Perhaps, though, Saint Thomas is most remembered positively for his exclamation at seeing the risen Lord.  “My Lord and my God.”  We hear this exclamation in today’s Gospel for his feast day.

This is an exclamation that many priests and faithful (including myself) say quietly to themselves at the consecration of the Eucharist.  It is an expression of faith from the heart.  It is a recognition of the awesomeness that we behold.  It is a recognition of the special and very Real Presence of Jesus Christ in the gift of the Eucharist that he left with us and with his Church. 

Have we had moments where we exclaimed in faith “My Lord and my God” as Saint Thomas did?  Do we feel that exclamation welling up inside us at Mass, especially at the consecration? 

Thursday of the Thirteenth Week in Ordinary Time

In today’s Gospel passage, Jesus crosses back over the Sea of Galilee from Gentile territory and enters “his own town” of Capernaum.  People bring him a paralytic on a stretcher.  Jesus first forgives the man’s sins.  But then, “that you may know that the Son of Man has authority on earth to forgive sins,” Jesus heals the man of his paralysis.

There is one message that can be drawn from this story that none of us likely want to hear.  That spiritual health is more important than physical health.  That reconciling the man with God through the forgiveness of his sins is more significant than restoring him to good physical health.
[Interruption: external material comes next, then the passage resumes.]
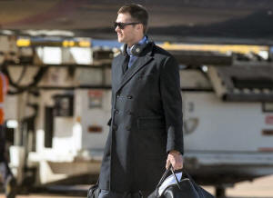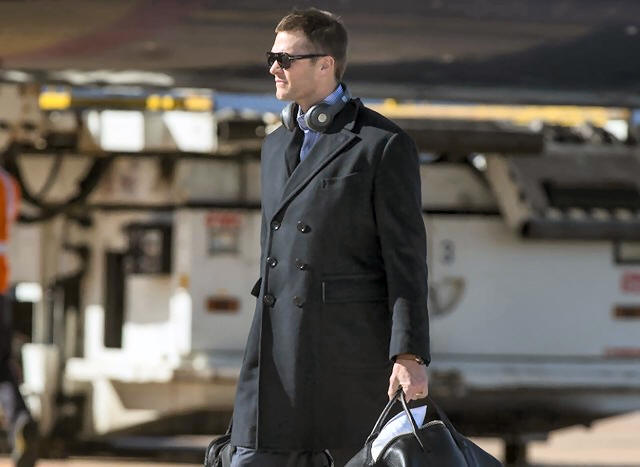 Patriots quarterback Tom Brady (12) arrives at George Bush

We see physical suffering in our friends and family.  We might be dealing with such suffering ourselves.  It breaks our hearts to see it in others.  Especially if it is a child that is suffering.  We have compassion for them.  We suffer with them.  Naturally, we do all that we can to help them (or even ourselves).  We seek out the best doctors.  We pray for healing.  We ask others to pray for healing.  We leave no stone unturned.
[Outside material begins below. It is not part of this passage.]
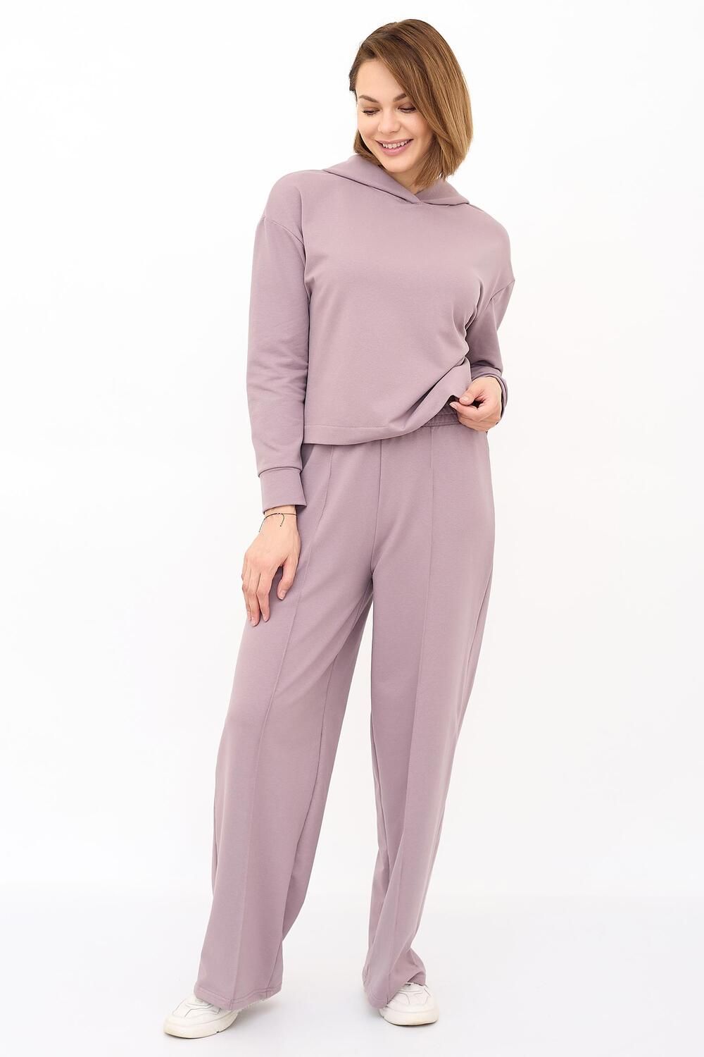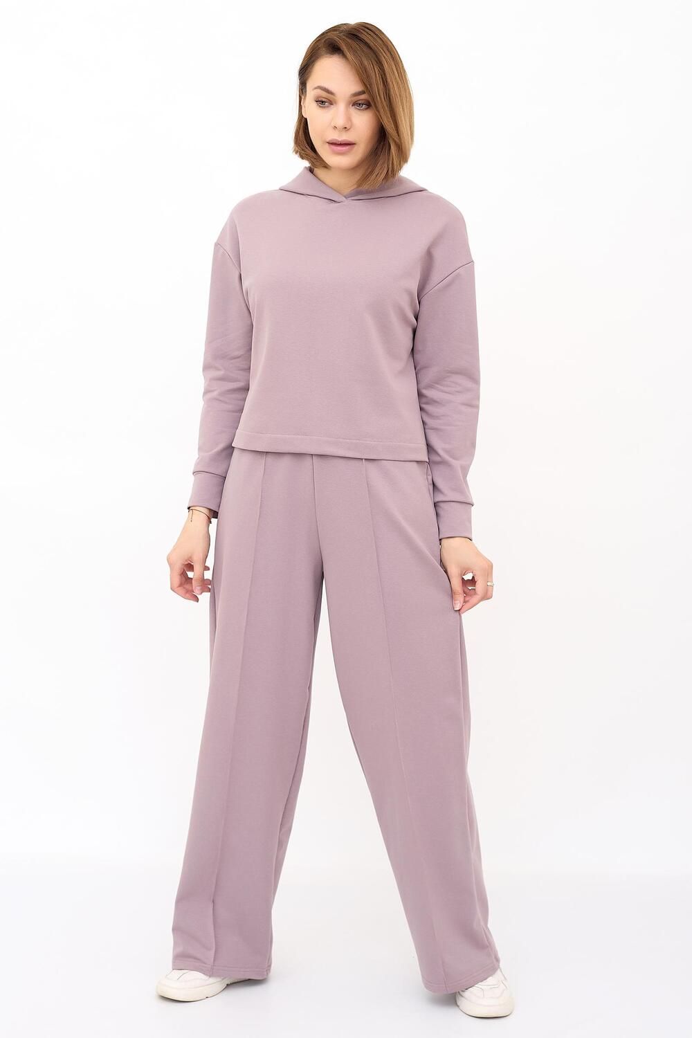 Костюм женский спортивный с капюшоном состоит из худи укороченного и брюк в форме труб. Стильный женский костюм от бренда Lika Dress, с укороченным свитшотом и широкими брюками поможет Вам быть в тренде этого сезона! Брюки палаццо подходят для любого типа фигуры, скрывают ее недостатки и подчеркивают достоинства. Костюм из мягкой кофты c капюшоном и прямыми брюками, прекрасно подойдет под лаконичный офисный стиль, для вечерних и повседневных образов. Костюм из худи и штанов может быть женственным и легким, подойдет для женщин и девушек. Спортивный трикотажный костюм можно сочетать с кроссовками и кедами. Брюки с широкими штанинами из трикотажной ткани очень удобны в качестве повседневной одежды. Костюм двойка или женский спортивный костюм с капюшоном пошит из плотной ткани - футер 2-х нитка.

To say that spiritual health is more important is not meant to minimize the physical suffering that people are enduring in this life.  It is not meant to say that we should not do all that we can to receive healing for those that suffer.
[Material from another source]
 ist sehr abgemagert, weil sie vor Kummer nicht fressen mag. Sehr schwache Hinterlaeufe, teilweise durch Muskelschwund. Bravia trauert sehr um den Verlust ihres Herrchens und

This life is so brief compared to eternity.  Psalm 90 says of this life:

         Seventy is the sum of our years,

         or eighty, if we are strong;

         Most of them are toil and sorrow;

         they pass quickly, and we are gone.

Now, perhaps, with current medical technology, many of us can expect more than eighty years.  But none of us will spend eternity in this life. 

What does it mean to say that spiritual health is more important?  It does mean that we cannot overlook the importance of our relationship with God.  It does mean that we should have urgency for spiritual healing, especially in the Sacrament of Reconciliation when needed.  It means that we place a priority on daily prayer in our life.  And on Mass, at least on Sunday Mass.  We do not schedule our leisure time and see if there is any time left for daily prayer or Mass.  It means that we schedule prayer and Sunday Mass and then determine how to fit leisure activities around it.  Of course, our state in life places requirements on us.  Our parental, job, school, and other responsibilities must still be met.

Am I making spiritual health a priority without neglecting physical health?  Do I make Confession a regular practice?  Am I scheduling daily prayer and Sunday Mass first?  Am I demonstrating to others that prayer and Mass are important?